47766 Gnr. David Smith Wishart (1867 – 1926)

Tree: WIS0048

Between 1867 and 1921 four men named David Smith Wishart were born in Scotland. All were the descendants of James Wishart, a limestone quarryman from Leven, Fife and his wife, Janet Smith with the first being their son, who was born in Dumbarton on 30 June 1867. He was the third of five children and by 1871 was living with his family at 5 Oakbank Street in the parish of Maryhill, Lanarkshire. Shortly afterwards they moved to Carluke, where David’s father died in 1874. Within six months his mother remarried to a Thomas Dick from Edinburgh and lived with him and his children at Hallcraig Houses which were likely a row of cottages occupied by families connected to the local iron mine (Thomas was an oversman at the Hallcraig Ironstone pit.) Three of David’s siblings had died in infancy and his brother John, who was four years older, had gone to live with their uncle, David Smith. By 1881 David had left school and had found work as a pony driver at the iron mine, after which he became a steel smelter in Rutherglen.

On 5 September 1890, David married the daughter of an Edinburgh labourer named Maggie Davidson in Carluke, with eleven children born of the marriage in Rutherglen between 1890 and 1909. Following the wedding, David and Maggie lived at 88 Mill Street but had moved to McAlpine Place by 1892. At the end of 1909 Maggie fell pregnant with their twelfth child, however, on 3 August 1910, she tragically died in childbirth from puerperal eclampsia. No further information is available about the baby, and it seems the child was probably stillborn.

War with Germany broke out in August 1914, and a month later, on 5 September, David visited the recruiting office at Glasgow Cross and enlisted in the Army. At 47-years-old he was almost ten years beyond the upper age limit for enlisted men, but like many others, he lied about his age, declaring that he was only 34. He joined the Scots Guards and was sent to the 3rd (Reserve) Battalion in Caterham for training. Eleven days later he was discharged from duty, having been deemed unfit for service which was primarily due to his age (thought to be about 42) and the fact that he did not possess any teeth.

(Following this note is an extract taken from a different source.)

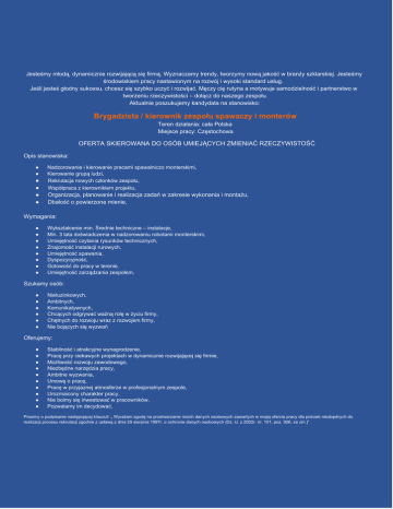 Jesteśmy młodą, dynamicznie rozwijającą się firmą. Wyznaczamy trendy, tworzymy nową jakość w branży szklarskiej. Jesteśmy środowiskiem pracy nastawionym na rozwój i wysoki standard usług. Jeśli jesteś głodny sukcesu, chcesz się szybko uczyć i rozwijać. Męczy cię rutyna a motywuje samodzielność i partnerstwo w tworzeniu rzeczywistości – dołącz do naszego zespołu. Aktualnie poszukujemy kandydata na stanowisko: Brygadzista / kierownik zespołu spawaczy i monterów Teren działania: cała Polska Miejsce pracy: Częstochowa OFERTA SKIEROWANA DO OSÓB UMIEJĄCYCH ZMIENIAĆ RZECZYWISTOŚĆ Opis stanowiska: ● ● ● ● ● ● Nadzorowanie i kierowanie pracami spawalniczo monterskimi, Kierowanie grupą ludzi, Rekrutacja nowych członków zespołu, Współpraca z kierownikiem projektu, Organizacja, planowanie i realizacja zadań w zakresie wykonania i montażu, Dbałość o powierzone mienie, Wymagania: ● ● ● ● ● ● ● ● Wykształcenie min. Średnie techniczne – instalacje, Min. 3 lata doświadczenia w nadzorowaniu robotami monterskimi, Umiejętność czytania rysunków technicznych, Znajomość instalacji rurowych, Umiejętność spawania, Dyspozycyjność, Gotowość do pracy w terenie, Umiejętność zarządzania zespołem, Szukamy osób: ● ● ● ● ● ● Nietuzinkowych, Ambitnych, Komunikatywnych, Chcących odgrywać ważną rolę w życiu firmy, Chętnych do rozwoju wraz z rozwojem firmy, Nie bojących się wyzwań Oferujemy: ● ● ● ● ● ● ● ● ● ● Stabilność i atrakcyjne wynagrodzenie, Pracę przy ciekawych projektach w dynamicznie rozwijającej się firmie, Możliwość rozwoju zawodowego, Niezbędne narzędzia pracy, Ambitne wyzwania, Umowę o pracę, Pracę w przyjaznej atmosferze w profesjonalnym zespole, Urozmaicony charakter pracy, Nie boimy się inwestować w pracowników, Pozwalamy im decydować, Prosimy o podpisanie następującej klauzuli: „ Wyrażam zgodę na przetwarzanie moich danych osobowych zawartych w mojej ofercie pracy dla potrzeb niezbędnych do realizacji procesu rekrutacji zgodnie z ustawą z dnia 29 sierpnia 1997r. o ochronie danych osobowych (Dz. U. z 2002r. nr. 101, poz. 926, ze zm.)”

Undeterred David revisited the Glasgow recruiting office two months later on 2 November and enlisted for the second time. On this occasion, he stated he was 37-years of age and that previously he had not been rejected as unfit for the Military. Curiously no mention is made of David’s teeth and that based on his physical description, his real age was obviously nearer 50 than 40; however, he was passed fit for duty and accepted into the Royal Garrison Artillery. The following day he travelled by train to the artillery depot at Great Yarmouth where he spent two months training before being assigned to No. 47 Company, who were based at Tynemouth Castle and tasked with coastal defence work.

On 2 August 1916, David returned to Great Yarmouth. It appears that the military thought he would be better suited to munitions work, and released him from duty so that he could return to Scotland and take up employment with the Clyde Bridge Steel Company in Cambuslang. He continued to receive army pay up until being discharged from service on 14 December 1918.

After the war, David continued working in the steelworks and lived at 18 Garvald Street in the Bridgeton district of Glasgow. Eight years later on 4 November 1926, he died from a heart attack at the Glasgow Royal Infirmary.